Bewertet mit 5 Sternen

Spurensuche!

Einer der Sätze aus dem Roman „Saubere Zeiten“ von Andreas Wunn, die mich mit am meisten beeindruckt haben. Und einsame Menschen findet man in dem Roman genügend: den Erzähler Jakob Auber, dem die Mutter schon als kleines Kind verloren ging und der damit auch den Vater irgendwie verloren hat, der seine Beziehung verliert und auch seine zwei ältesten Freunde, Ben und Theresa. Und auch sie wirken sehr einsam in ihrem Leben. Er findet – auf der Spurensuche nach seiner Familiengeschichte – Bella, die auch sehr einsam in Brasilien lebt, sie hat ihren Sohn verloren und lange Zeit zuvor schon ihre Eltern und ihre Heimat. Und kaum hat er sie gefunden, da verliert er auch sie schon wieder.
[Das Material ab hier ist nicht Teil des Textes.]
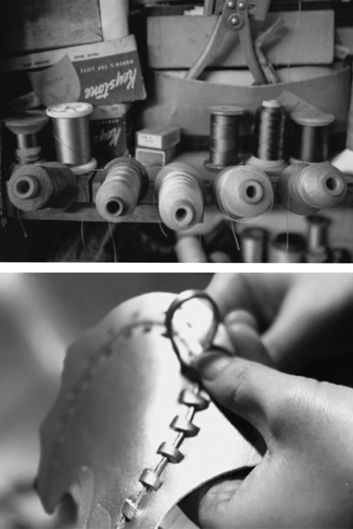 手作業による革紐を使用したステッチワーク、一つ一つ職人が手作業で仕上げる飾り穴。
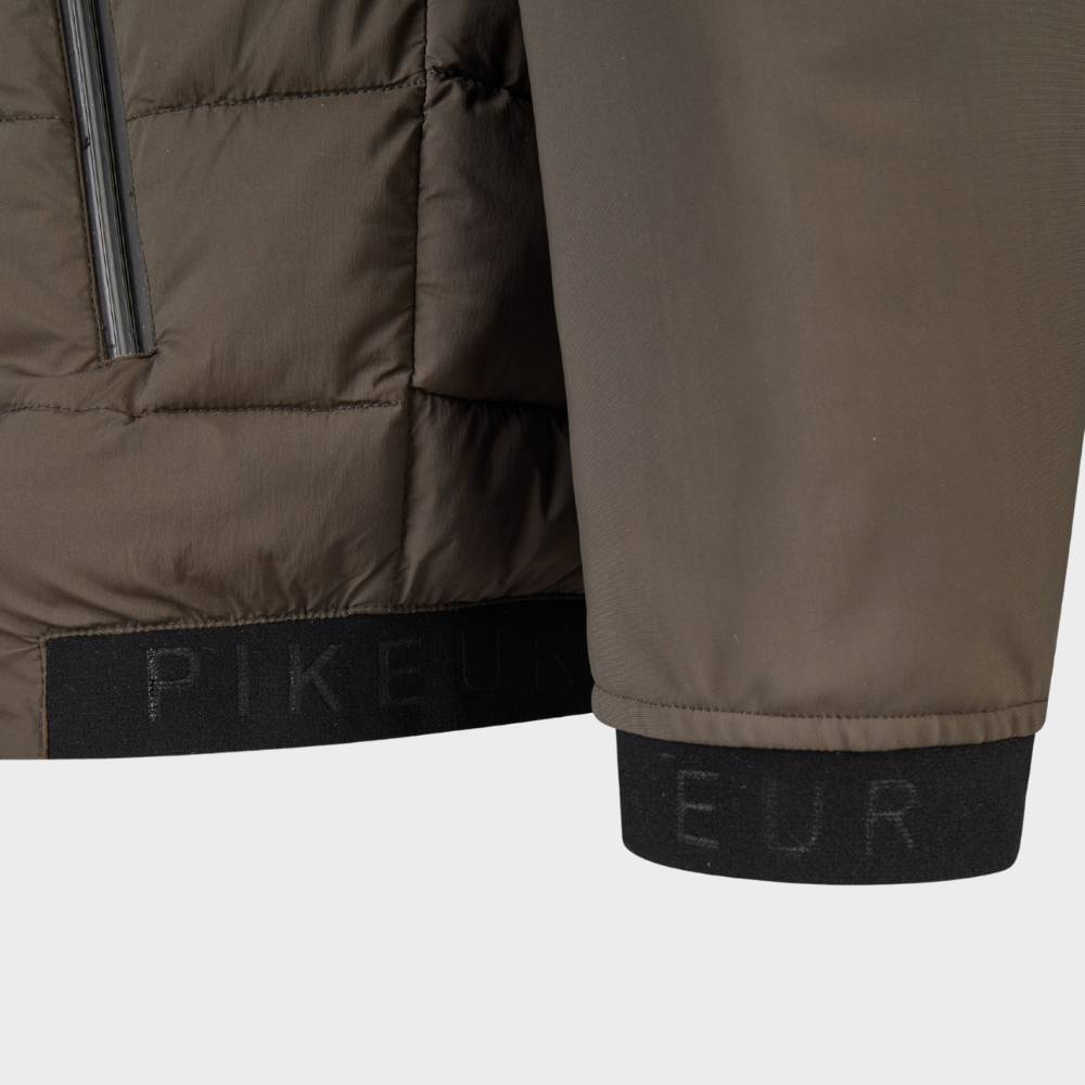 Détails modernes : impression Pikeur noire sur la sous-patte et la capuche, badge en silicone sur la manche.

Diese Einsamkeit scheint sich von Generation zu Generation zu vererben. Ob es Jakob gelingt, seinen eigenen Sohn davor zu bewahren?

Als sein Vater stirbt, hinterlässt er dem Erzähler ein Zimmer voller Erinnerungen, voller Tagebücher des Großvaters und voller eigener Tonbandaufnahmen. So erfährt Jakob Hintergründe zu Aufstieg und Niedergang seines Großvaters, dem großen Waschpulvererfinder von „Auber macht sauber“, von der Jugend seines Vaters Hans und von Bella, die auf vielfältige Weise mit den Aubers verbunden ist. Er beginnt diese Geschichte aufzuschreiben, um auch die eigene Geschichte besser zu verstehen.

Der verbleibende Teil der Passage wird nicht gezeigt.